Question

1.Child Health and Development Studies (CHDS) has been collecting data about expectant mothers in Oakland, CA since 1959. One of the measurements taken by CHDS is the weight increase (in pounds) for expectant mothers in the second trimester.

In a fictitious study, suppose that CHDS finds the average weight increase in the second trimester is 14 pounds. Suppose also that, in 2015, a random sample of 42 expectant mothers have mean weight increase of 15.7 pounds in the second trimester, with a standard deviation of 6.0 pounds.

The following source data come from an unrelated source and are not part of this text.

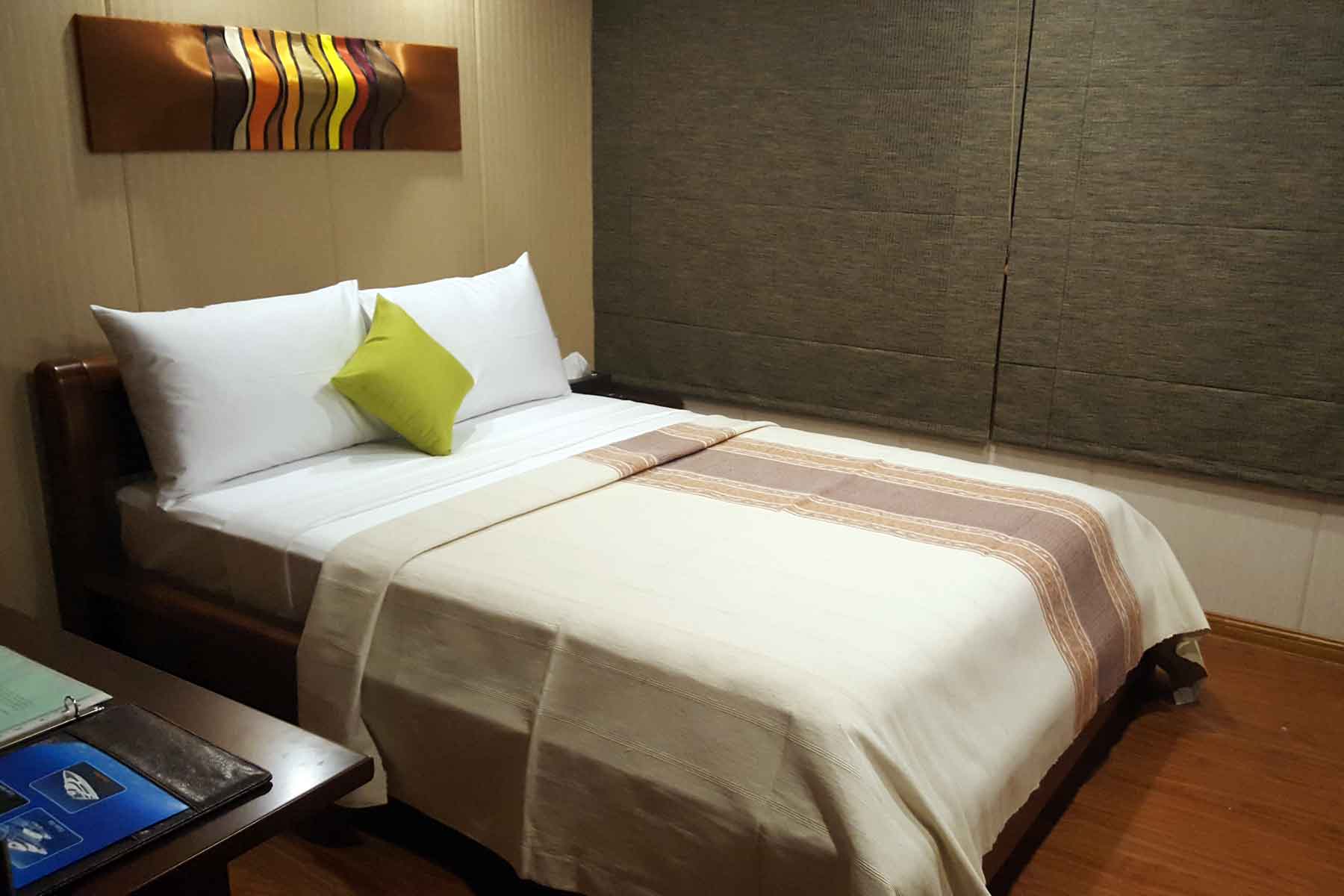 The 2 Single suites, located on the main deck have queen size beds and desk/chair, TV connected to central media system, hanging closet, large windows, private ensuite bathroom and shower.
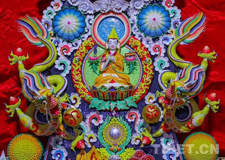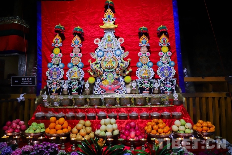 據(jù)了解,每年藏歷正月十五日是藏傳佛教宗教節(jié)日“覺阿卻巴”,即“正月十五供奉節(jié)”。每年這天大昭寺都會展出精美絕倫的酥油花雕塑,但是雕塑的內(nèi)容每年都有所不同,其內(nèi)容會有佛祖釋迦牟尼、師徒三尊、吉祥八寶、和睦四瑞等酥油雕塑。
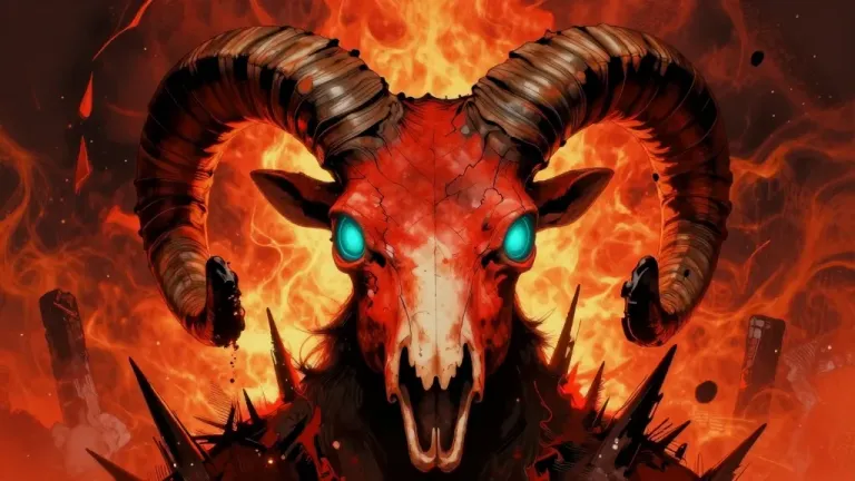 A ram's head with glowing blue eyes and glossy metallic horns is set against a smoky, fiery background, creating a dynamic and intense visual. The high-contrast lighting highlights the texture and depth of the scene, making it ideal for use in high-energy, dramatic compositions.
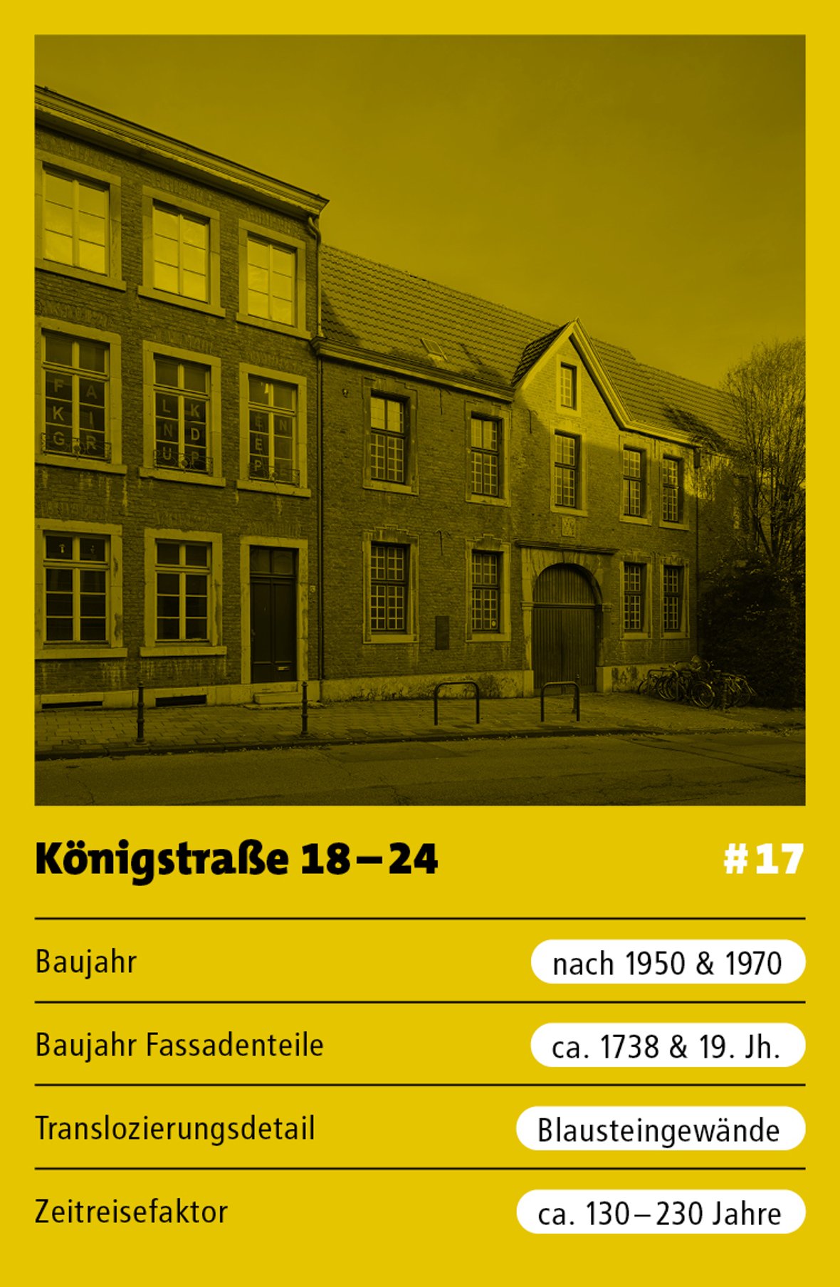 Das durch Giebel und Toreinfahrt auffallende Haus Königstraße Nr. 18–22 wird dem Aachener Barockbaumeister Laurenz Mefferdatis zugeschrieben. 1738 errichtet, wurde das Gebäude im Zweiten Weltkrieg stark beschädigt. Für den Neubau einer Schulturnhalle entschloss sich das Hochbauamt der Stadt Aachen, die Fassadenreste abzutragen und als Rekonstruktion in den Neubau zu integrieren. Anders als bei der Wespienfassade (Kockerellstr.) ist der Turnhallenneubau hier straßenseitig vollkommen verdeckt.

A hypothesis test is done to see if there is evidence that weight increase in the second trimester is greater than 14 pounds.

Find the p-value for the hypothesis test.

2.

According to Facebook’s self-reported statistics, the average Facebook user has 130 Facebook friends. For a statistics project a student at Contra Costa College (CCC) tests the hypothesis that CCC students will average more than 130 Facebook friends. She randomly selects 3 classes from the schedule of classes and distributes a survey in these classes. Her sample contains 45 students.

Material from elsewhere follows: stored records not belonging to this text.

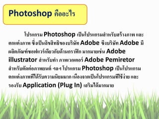 องประกอบของโปรแกรม Photoshop 1. 2. โปรแกรม Photoshop เป็นโปรแกรมสาหรับสร้างภาพ และ
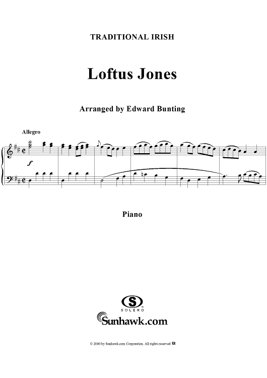 Digital Sheet Music for Loftus Jones by , Edward Bunting, Traditional scored for Piano Solo; id:261341
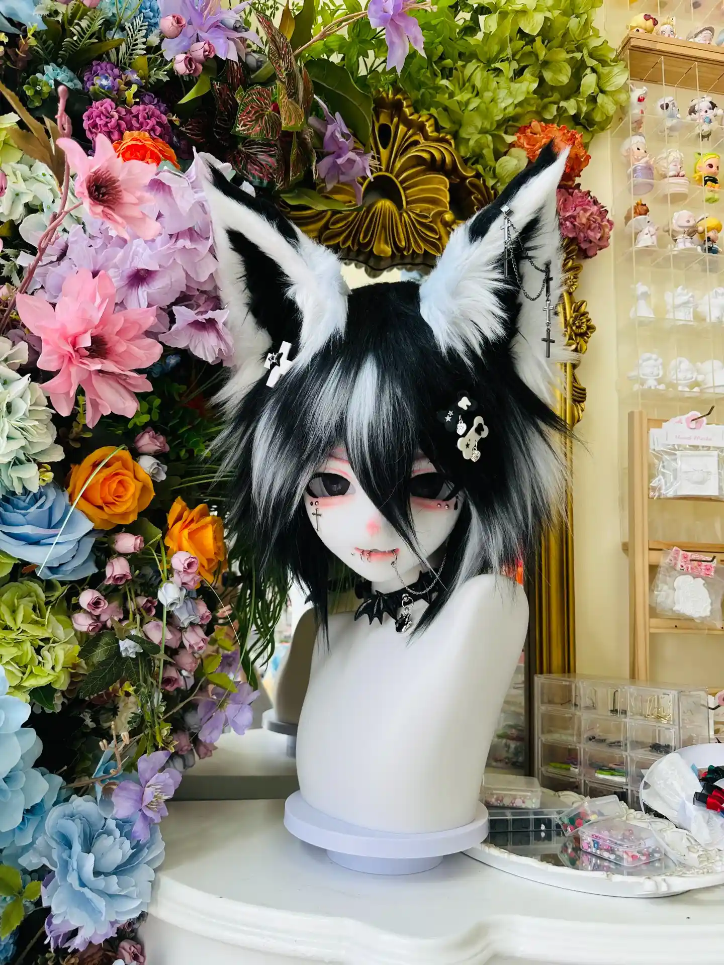This gothic kemono fursuit head is built around a stark black-and-white palette, combining soft fur textures with sharp visual accents.

From her survey data she calculates that the mean number of Facebook friends for her sample is: ¯x= 138.7 with a standard deviation of: s=79.3.

She chooses a 5% level of significance. What can she conclude from her data?

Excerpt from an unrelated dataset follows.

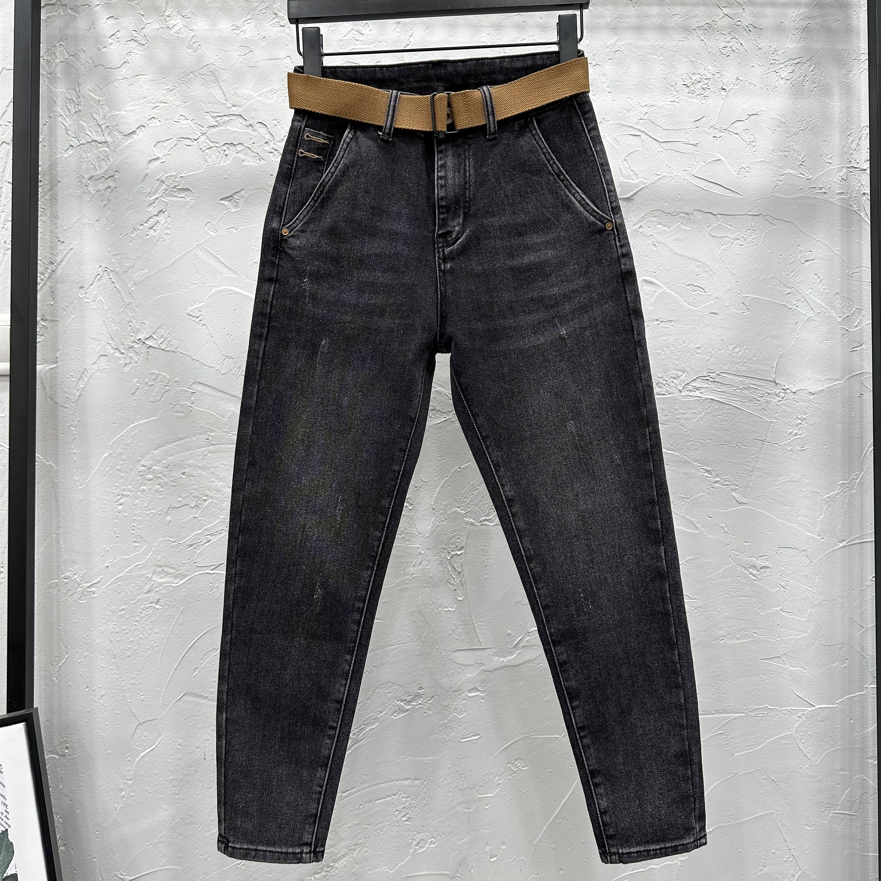 斜插口袋水洗黑灰修身小脚牛仔裤
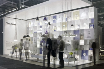 本項(xiàng)目是傳統(tǒng)公司在斯德哥爾摩家具展上的展廳。相比較而言,此展廳長(zhǎng)而窄,很明顯只能在垂直方向上做文章。眾多格子頗有韻律地堆砌在一起,顯得俏皮而嚴(yán)肅,這正符合品牌的定位。展廳前后的顏色與&傳統(tǒng)的商標(biāo)一致,公司設(shè)計(jì)師的大理石半身像被印成圖片掛在前面。展品與多維度的貨架完美地結(jié)合在一起,給人一種比例扭曲的感覺(jué)。形態(tài)各異的吊燈自天花板垂下,一起構(gòu)成一襲透明的窗簾。

1. Nothing. The conditions for use of a t-model are not met. She cannot trust that the p-value is accurate for this reason.
2. We cannot conclude that the average number of Facebook friends for CCC students is greater than 130. The sample mean of 138.7 is not significantly greater than 130.
3. Her data supports her claim. The average number of Facebook friends for CCC students is significantly greater than 130.

Answer 1

1)

Ho :   µ =   14                  
Ha :   µ >   14       (Right tail test)          
                          
Level of Significance ,    α =    0.05                  
sample std dev ,    s =    6.0000                  
Sample Size ,   n =    42                  
Sample Mean,    x̅ =   15.7000                  
                          
degree of freedom=   DF=n-1=   41                  
                          
Standard Error , SE = s/√n =   6.0000   / √    42   =   0.9258      
t-test statistic= (x̅ - µ )/SE = (   15.700   -   14   ) /    0.9258   =   1.836
                          
  
p-Value   =   0.036793   [Excel formula =t.dist.rt(t-stat,df) ]              

2)

Ho :   µ =   130                  
Ha :   µ >   130       (Right tail test)          
                          
Level of Significance ,    α =    0.05                  
sample std dev ,    s =    79.3000                  
Sample Size ,   n =    45                  
Sample Mean,    x̅ =   138.7000                  
                          
degree of freedom=   DF=n-1=   44                  
                          
Standard Error , SE = s/√n =   79.3000   / √    45   =   11.8213      
t-test statistic= (x̅ - µ )/SE = (   138.700   -   130   ) /    11.8213   =   0.736
                          
  
p-Value   =   0.232831   [Excel formula =t.dist(t-stat,df) ]              
Decision:   p-value>α, Do not reject null hypothesis                       

We cannot conclude that the average number of Facebook friends for CCC students is greater than 130. The sample mean of 138.7 is not significantly greater than 130.